Research level implementations of some SIMD algorithms.
Implementation based on the algorithm presented in this blog post
The original paper is here.
std::vector<int32_t> values
= { 0, 4, 6, 20, 40, 60, 90, 155,
1188, 2002, 2244, 2296, 3124, 3226, 3334, 4443,
10, 24, 46, 120, 140, 260, 390, 455,
2188, 3002, 4244, 5296, 6124, 6226, 6334, 6443 };
floki::sort(begin(values),end(values));
Clang 3.4 on Linux
There are some known issues with g++ and Boost SIMD. See the comments about aliasing on this issue. Until this is resolved, it won't compile without setting the following flags.
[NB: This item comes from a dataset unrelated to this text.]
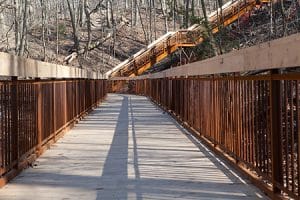 The staircase, bridges, and boardwalk were constructed of hemlock decking and the railings are all brown in hopes of keeping a “wooden feel.”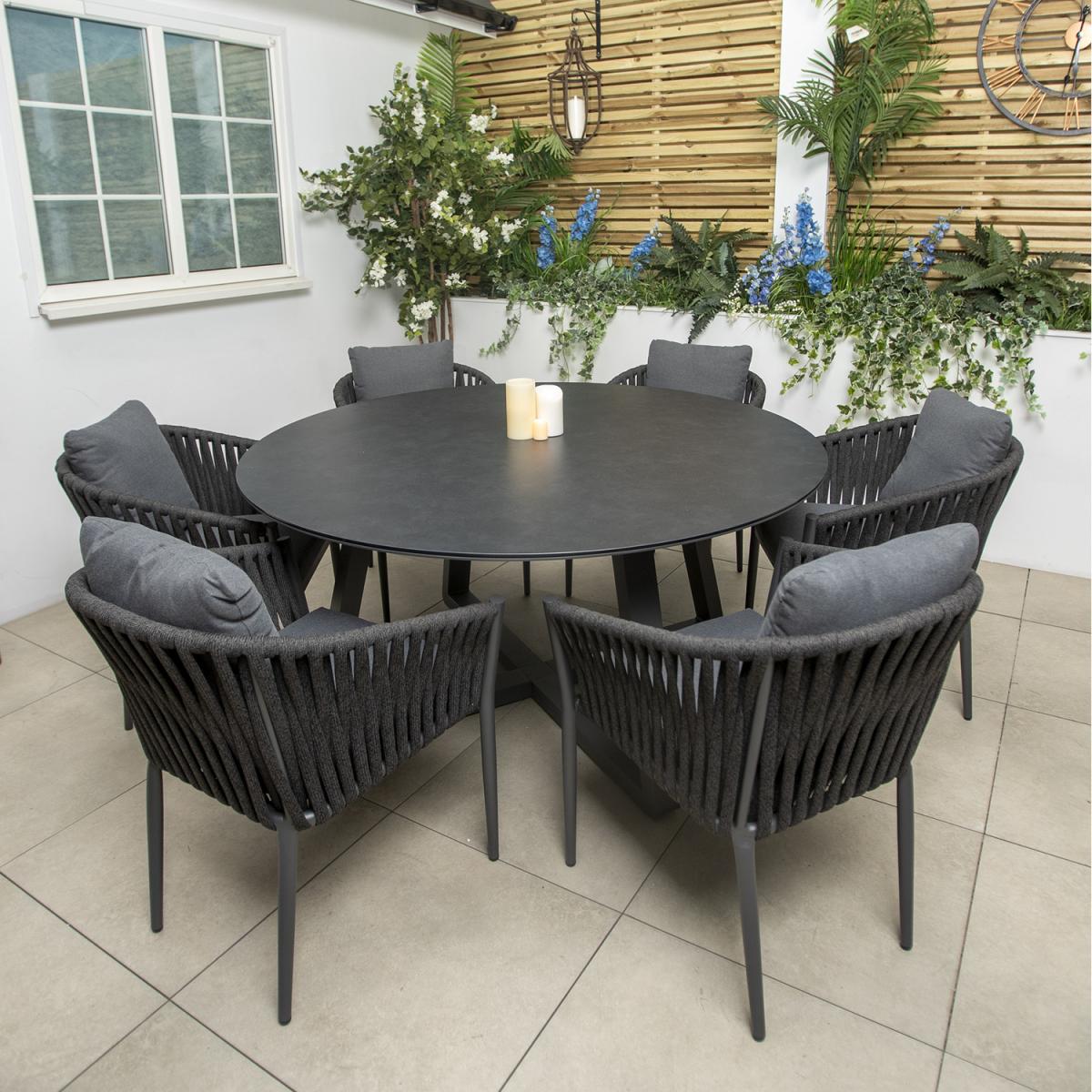 The Bracken Outdoors Maldives collection pairs a stylish design rope garden chair with a practical and durable aluminium table. The rope used for the chair is 3cm Charcoal Polyester with a rubber core ensuring the rope doesn't become saturated and allows for quick drying time. Both hardwearing and comfortable, the chairs come with 6cm deep cushions for your comfort and removable cushion covers are easy to clean. The round table is made from lightweight aluminium which is powder coated in grey and a 6mm dark ceramic, glass look top for a classic, easy to clean look. Set Features 6 x Maldives Charcoal Rope Garden Chair Round Powder Coated Grey Aluminium Table 6mm Dark Ceramic Glass Look Top Warranty - 3 Years Set Dimensions Chair - W 62cm, D 62cm, H78cm Table - Diameter 150cm, H 75cm Recommended Footprint - 350cm x 350cm

-fno-strict-aliasing -DBOOST_SIMD_NO_STRICT_ALIASING
Optional unit tests require the Bandit
Intel(R) Core(TM) i7-4770S CPU @ 3.10GHz
compiled with clang 3.4 and flags -O3 -mavx
65536 random elements in std::vector
data type | std::sort | floki::sort |
---|---|---|
int32_t | 2.99ms | 0.92ms |
float | 3.33ms | 1.10ms |
There is a CMake build file included that builds the benchmark and unit tests.
I generate the make file using clang as follows
mkdir build-floki
cd build-floki
CXX=/usr/bin/clang++-3.4 cmake ~/source/floki -DCMAKE_CXX_FLAGS="-march=native"
make
If Boost SIMD is installed to a path other than /usr/local, then set BoostSIMD_INCLUDE_DIR accordingly.